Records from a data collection

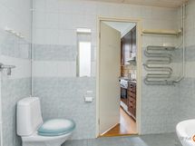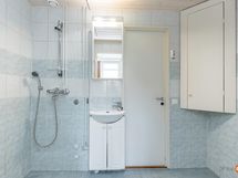 - Kylpyhuone, suihku, peilikaappi, allaskaappi, pesukoneliitäntä, kiinteät valaisimet.
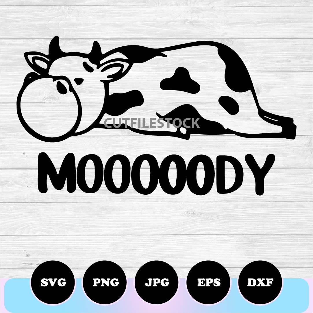 Moody Svg Funny Lazy Cow Svg Png, Heifer, Clipart, Digital, Silhouette, Cricut
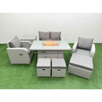 General description This Fimous Light Grey PE Wicker Rattan Garden Furniture Set is a stylish and comfortable outdoor seating solution, perfect for gatherings. The set includes two reclining chairs, a love sofa, a big footstool, two stools, a side table, and a firepit dining table, accommodating up to seven people. The light grey rattan paired with dark grey fabric offers a modern aesthetic, while the adjustable reclining chairs provide added comfort. Technical specifications Set dimensions: 2 x Reclining chairs: 74W x 69D x 79H cm 1 x Love Sofa: 124W x 67D x 79H cm 1 x Big footstool: 65L x 65W x 34H cm 2 x Fully Assembled Stools: 40W x 40D x 34H cm 1 x Side table: 65L x 65W x 66H cm 1 x Firepit Dining Table: 140L x 80W x 69H cm Sofa Weight Capacity: 250kg Table Weight Capacity: 80kg Material: Light grey PE rattan with dark grey fabric 5mm Thick Transparent Tempered Glass with Sucker on Surface 8 cm Thick Seat Cushion with Soft Back Cushion Installation Items come flat packed and are
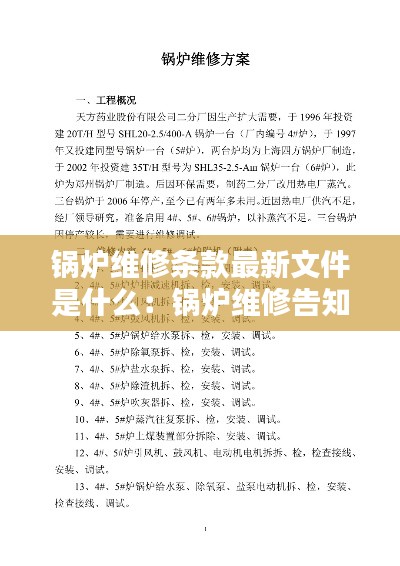 最新版本的锅炉维修条款文件主要包括以下几个方面:
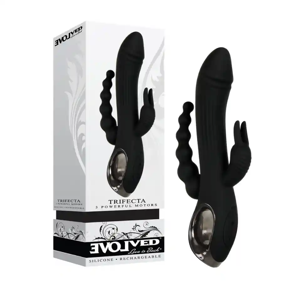 El Trifecta ofrece estimulación simultánea de tres zonas erógenas para una experiencia de placer única. Cada uno de sus tres ejes está equipado con su propio motor, asegurando una estimulación óptima en cada zona erógena. Solo se necesita encontrar el ritmo adecuado para disfrutar al máximo de sus poderosas vibraciones. Características: • Vibrador grande de triple estimulación • 10 potentes velocidades y funciones de vibración en cada motor • Altura: 21.6 cm, Profundidad: 9.1 cm, Ancho: 3.9 cm • Apunta a 3 zonas erógenas para orgasmos intensos • Eje principal de forma fálica con texturas controlado de forma independiente • Estimulador de clítoris con forma de conejo • Estimulador anal con cuentas graduadas • Panel de control de 3 botones fácil de usar • Hecho de silicona suave_Mango hecho de plástico ABS duradero • Resistente al agua. (Clasificación IPX7: protege hasta 1 metro de profundidad por no más de 30 minutos) • Batería recargable por medio de cable USB con pin magnético (Adaptador de corriente no incluido) • Peso: 201.3 gramos Garantía:1 Año Limpieza y cuidado: Es ideal que el uso de este juguete sea con lubricantes a base de agua. No se deben usar lubricantes de silicona. Limpiar antes y después de cada uso con un limpiador de juguetes y un paño suave que no desprenda material. Confidencialidad: Somos 100% discretos, tu envío llegará en una caja negra completamente envuelta.
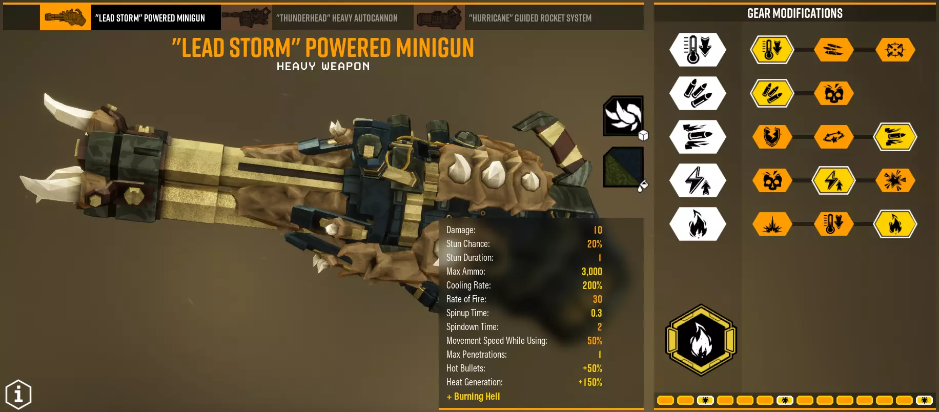 我给你们准备了最棒的“甜点”。我真心超爱这个超频配件。这家伙简直就是个怪物,能把加特林机枪前方5米范围内的一切都烧个精光。而且,它不只是会加热,从你开始用加特林机枪射击的那一刻起,就会直接造成火焰伤害,准确来说是每秒4次,每次5点伤害。开始感受到这有多强了吧?每次考虑用加特林机枪时,我首先想到的就是它。在T1槽位选择你想要的配件,我选择的是强化散热,以抵消武器本身加剧的发热问题,并缩短无法射击的时间。在T2槽位必须选择弹药,因为凭借你所有的每秒伤害和临界点,火焰效果会很有帮助,而更多的弹药意味着更多的灼烧效果。T3和T4槽位保持不变,至于T5槽位,我想你明白我们要选什么。【热子弹】是这里的最佳选择。我们能更快达到过热状态,这意味着射击5秒后,不仅能灼烧前方的敌人,还能对一定距离内的敌人造成伤害。这对各种喷子、男巫和繁殖者(水母孵化器)非常有效。 为什么击杀不能减少过热呢?原因很简单:如果你想进一步减少强化过热的缺点,这个模组帮不了你多少。如果虫子是被火焰杀死,而非来自迷你枪的直接伤害,那么冷却时间不会被计算。 关于【Aggressive venting】,按理说这似乎是适配该模组的配置,但实际上并非如此。当你已经在面前点燃一切时,并不需要这个范围内的额外火焰。对于能够合理移动并控制热量的玩家来说,恐惧效果也没有必要。而且我们在T1已经拥有冷却加速效果了。 支持它的主要理由是:免费提升总伤害。如果特意让武器过热,你会在【行动效率值】(AoE)中平白受到伤害。不过,【过热子弹】(Hot bullets)的应用范围要广泛得多,因为它们能让我们攻击更远的距离。 事实:武器描述中说超频会使热量生成增加150%,但实际上只增加了50%。 如果不是第二个槽位里的另一把左轮手枪(稍后会提到),这个配置可能不会这么好用。而且,这是我在虫群侵扰模式中替代弹幕地狱的选择,因为只需每秒点击几次左键就能烧死所有虫群,还不会过热,并且拥有3000发子弹;) 【额外配装5 - 既能干掉巢母,又能轻松应对】 超频 - 铅风暴
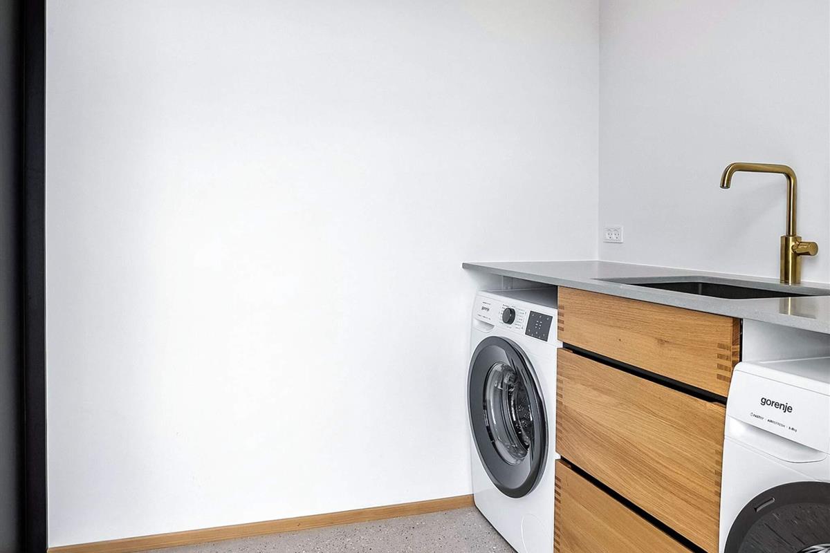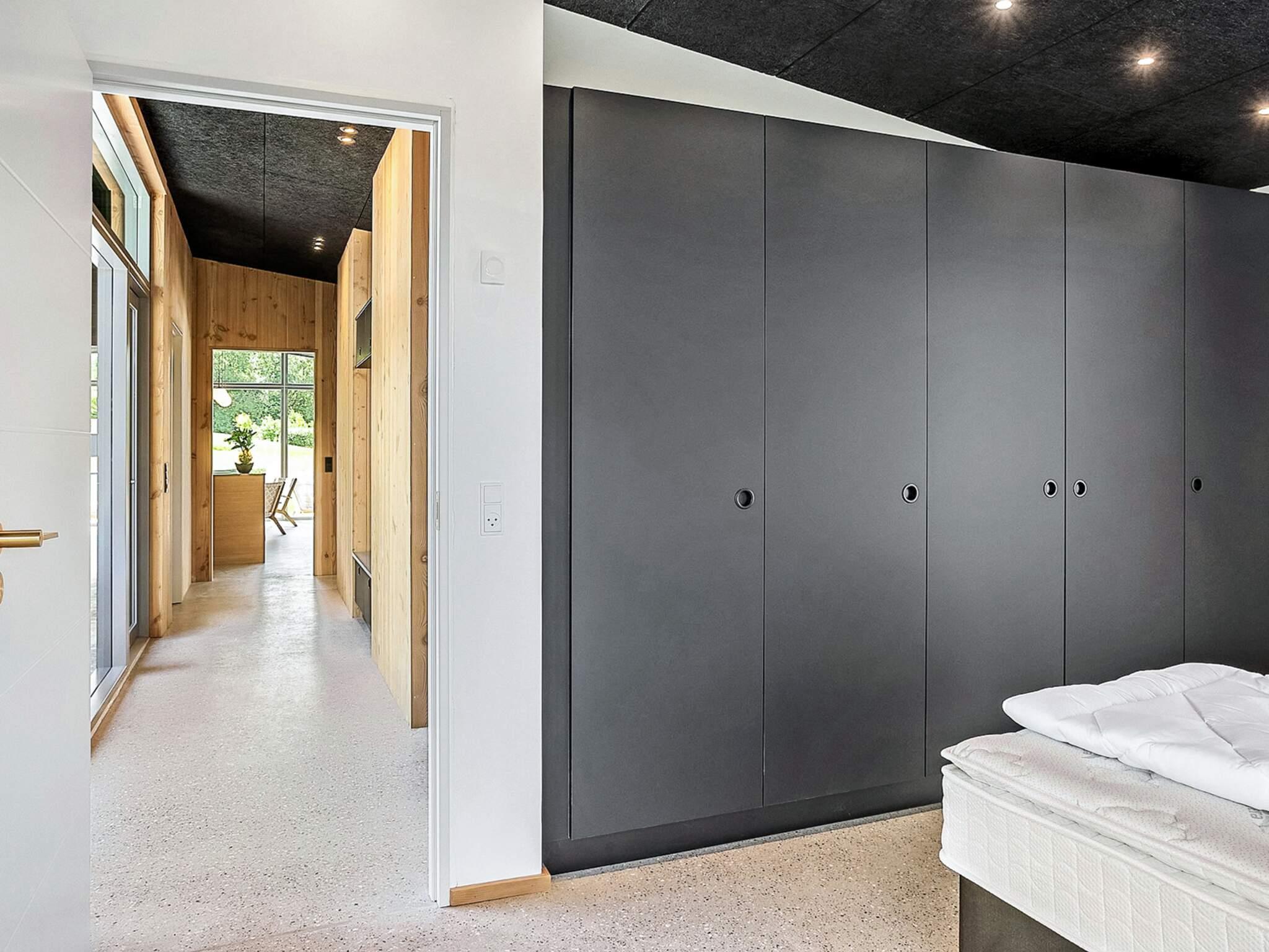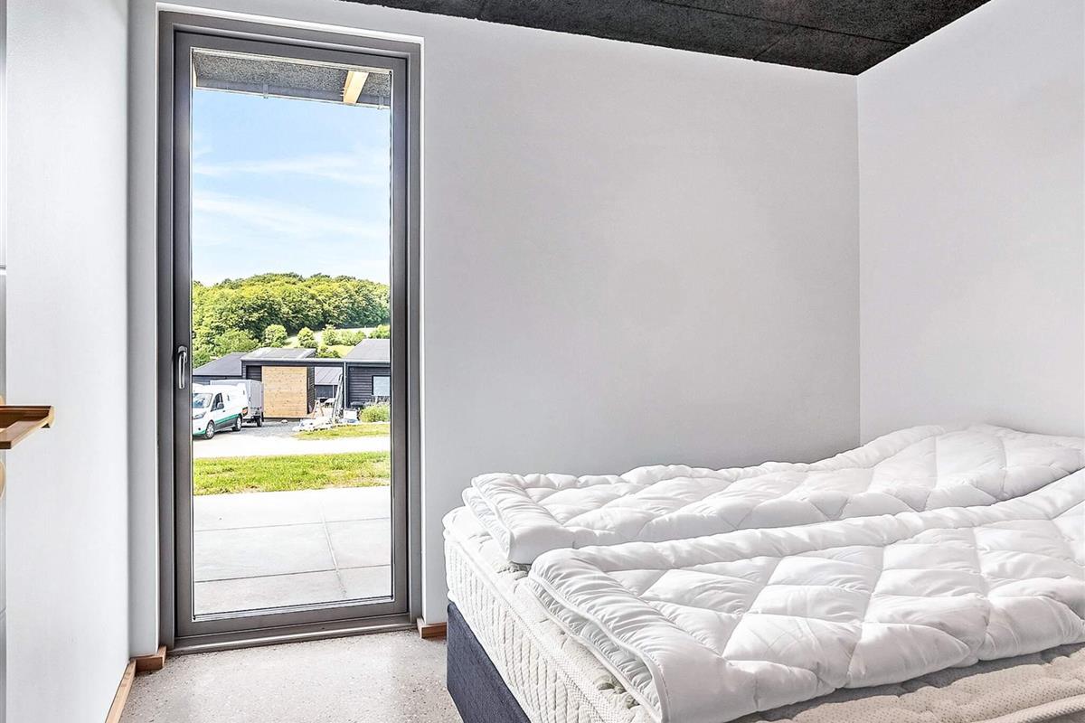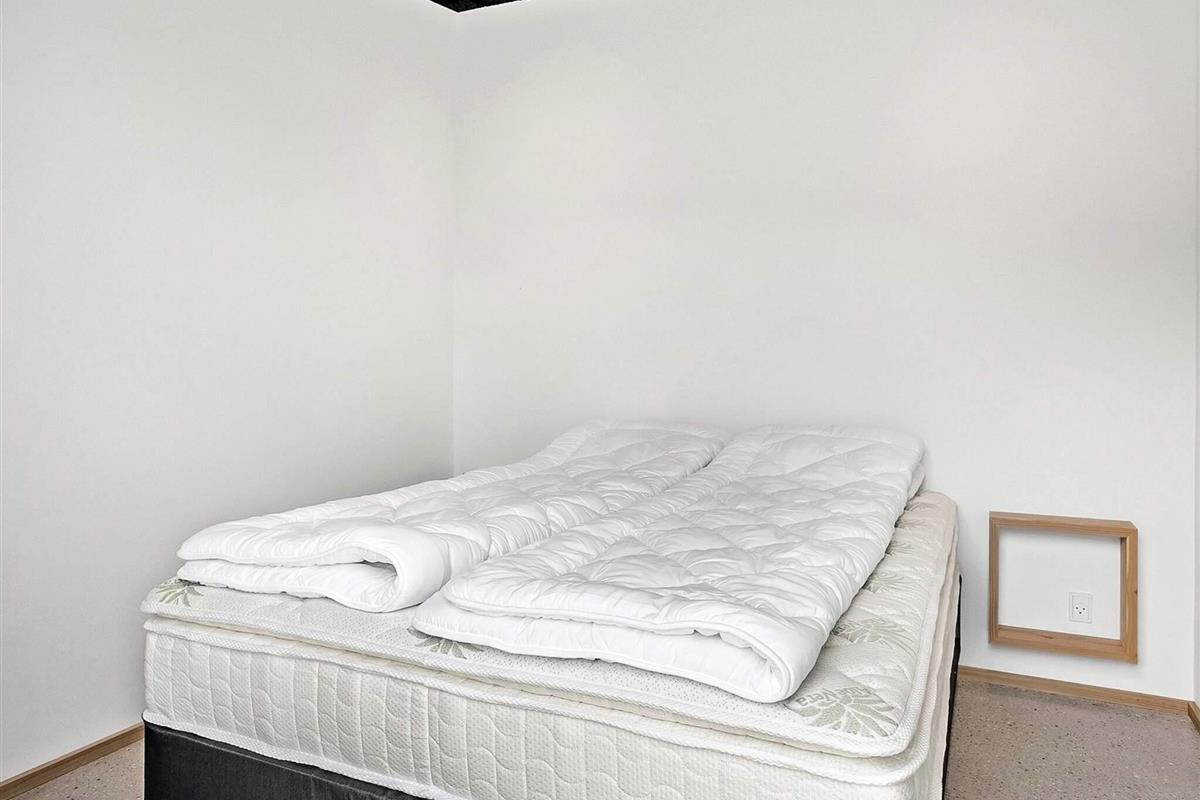 Indendørs mødes I af et lyst og stilrent feriehus med en gennemført materialestil. De polerede betongulve, vægge beklædt med brede douglasplanker og sorte Troldtekt-lofter skaber en eksklusiv og moderne stemning. De store vinduespartier lukker naturen og lyset helt ind og giver en fantastisk rumfornemmelse. Husets samlingspunkt er det elegante køkken i egetræ, som er fuldt udstyret og indbyder til både fælles madlavning og hyggelige stunder.

### Task
Retype all entries above verbatim; no pictures belong in the copy.

### Answer to the exercise
 - Kylpyhuone, suihku, peilikaappi, allaskaappi, pesukoneliitäntä, kiinteät valaisimet.
 Moody Svg Funny Lazy Cow Svg Png, Heifer, Clipart, Digital, Silhouette, Cricut
 General description This Fimous Light Grey PE Wicker Rattan Garden Furniture Set is a stylish and comfortable outdoor seating solution, perfect for gatherings. The set includes two reclining chairs, a love sofa, a big footstool, two stools, a side table, and a firepit dining table, accommodating up to seven people. The light grey rattan paired with dark grey fabric offers a modern aesthetic, while the adjustable reclining chairs provide added comfort. Technical specifications Set dimensions: 2 x Reclining chairs: 74W x 69D x 79H cm 1 x Love Sofa: 124W x 67D x 79H cm 1 x Big footstool: 65L x 65W x 34H cm 2 x Fully Assembled Stools: 40W x 40D x 34H cm 1 x Side table: 65L x 65W x 66H cm 1 x Firepit Dining Table: 140L x 80W x 69H cm Sofa Weight Capacity: 250kg Table Weight Capacity: 80kg Material: Light grey PE rattan with dark grey fabric 5mm Thick Transparent Tempered Glass with Sucker on Surface 8 cm Thick Seat Cushion with Soft Back Cushion Installation Items come flat packed and are
 最新版本的锅炉维修条款文件主要包括以下几个方面:
 El Trifecta ofrece estimulación simultánea de tres zonas erógenas para una experiencia de placer única. Cada uno de sus tres ejes está equipado con su propio motor, asegurando una estimulación óptima en cada zona erógena. Solo se necesita encontrar el ritmo adecuado para disfrutar al máximo de sus poderosas vibraciones. Características: • Vibrador grande de triple estimulación • 10 potentes velocidades y funciones de vibración en cada motor • Altura: 21.6 cm, Profundidad: 9.1 cm, Ancho: 3.9 cm • Apunta a 3 zonas erógenas para orgasmos intensos • Eje principal de forma fálica con texturas controlado de forma independiente • Estimulador de clítoris con forma de conejo • Estimulador anal con cuentas graduadas • Panel de control de 3 botones fácil de usar • Hecho de silicona suave_Mango hecho de plástico ABS duradero • Resistente al agua. (Clasificación IPX7: protege hasta 1 metro de profundidad por no más de 30 minutos) • Batería recargable por medio de cable USB con pin magnético (Adaptador de corriente no incluido) • Peso: 201.3 gramos Garantía:1 Año Limpieza y cuidado: Es ideal que el uso de este juguete sea con lubricantes a base de agua. No se deben usar lubricantes de silicona. Limpiar antes y después de cada uso con un limpiador de juguetes y un paño suave que no desprenda material. Confidencialidad: Somos 100% discretos, tu envío llegará en una caja negra completamente envuelta.
 我给你们准备了最棒的“甜点”。我真心超爱这个超频配件。这家伙简直就是个怪物,能把加特林机枪前方5米范围内的一切都烧个精光。而且,它不只是会加热,从你开始用加特林机枪射击的那一刻起,就会直接造成火焰伤害,准确来说是每秒4次,每次5点伤害。开始感受到这有多强了吧?每次考虑用加特林机枪时,我首先想到的就是它。在T1槽位选择你想要的配件,我选择的是强化散热,以抵消武器本身加剧的发热问题,并缩短无法射击的时间。在T2槽位必须选择弹药,因为凭借你所有的每秒伤害和临界点,火焰效果会很有帮助,而更多的弹药意味着更多的灼烧效果。T3和T4槽位保持不变,至于T5槽位,我想你明白我们要选什么。【热子弹】是这里的最佳选择。我们能更快达到过热状态,这意味着射击5秒后,不仅能灼烧前方的敌人,还能对一定距离内的敌人造成伤害。这对各种喷子、男巫和繁殖者(水母孵化器)非常有效。 为什么击杀不能减少过热呢?原因很简单:如果你想进一步减少强化过热的缺点,这个模组帮不了你多少。如果虫子是被火焰杀死,而非来自迷你枪的直接伤害,那么冷却时间不会被计算。 关于【Aggressive venting】,按理说这似乎是适配该模组的配置,但实际上并非如此。当你已经在面前点燃一切时,并不需要这个范围内的额外火焰。对于能够合理移动并控制热量的玩家来说,恐惧效果也没有必要。而且我们在T1已经拥有冷却加速效果了。 支持它的主要理由是:免费提升总伤害。如果特意让武器过热,你会在【行动效率值】(AoE)中平白受到伤害。不过,【过热子弹】(Hot bullets)的应用范围要广泛得多,因为它们能让我们攻击更远的距离。 事实:武器描述中说超频会使热量生成增加150%,但实际上只增加了50%。 如果不是第二个槽位里的另一把左轮手枪(稍后会提到),这个配置可能不会这么好用。而且,这是我在虫群侵扰模式中替代弹幕地狱的选择,因为只需每秒点击几次左键就能烧死所有虫群,还不会过热,并且拥有3000发子弹;) 【额外配装5 - 既能干掉巢母,又能轻松应对】 超频 - 铅风暴
 Indendørs mødes I af et lyst og stilrent feriehus med en gennemført materialestil. De polerede betongulve, vægge beklædt med brede douglasplanker og sorte Troldtekt-lofter skaber en eksklusiv og moderne stemning. De store vinduespartier lukker naturen og lyset helt ind og giver en fantastisk rumfornemmelse. Husets samlingspunkt er det elegante køkken i egetræ, som er fuldt udstyret og indbyder til både fælles madlavning og hyggelige stunder.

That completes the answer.